2. A way to stop infinite monitoring chains: Who grades the graders? Montioring
  unsupervised test takers raises the specter of endless graders or monitors.
  By having a logic of unsupervised evaluation, we can stop those infinite
  chains. We can verify that pairs of classifiers are misaligned, for example.
  Take a look at the "Logical Alarms" Jupyter notebook.
3. Jury evaluation theorems: Jury decision theorems - when does the crowd
  decide wisely? - go as far back as Condorcet's 1785 theorem proving that
  majority voting makes the crowd wiser for better than average jury members.

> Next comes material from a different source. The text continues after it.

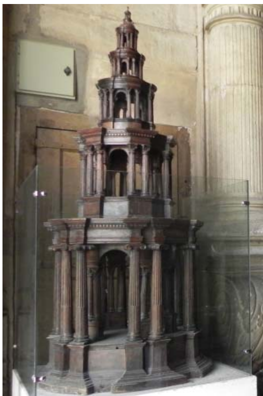
▪ Fig. 1. Catedral de León. Maqueta de custodia procesional, en madera.

En una de las capillas, no visitables, del claustro de la catedral de León, que hoy forma parte del Museo, se guarda una interesante pieza de madera, que responde a la tipología de custodia procesional (Fig. 1).

  The NTQR package contains jury evaluation theorems - when does the crowd
  evaluate itself wisely? It turns out it does this better than majority voting
  can decide. This has important consequences for how we shoud design
  safer Ai systems. Check out the "Evaluation is easier than decision"
  page.

>**Warning**
This library is under heavy development and is presently meant only
for research and educational purposes. AI or any safety engineering is
not solvable by any one tool. These tools are meant to be part of a broader
safety monitoring system and are not meant as standalone solutions.
NTQR algorithms are meant to complement, not supplant, other safety tools.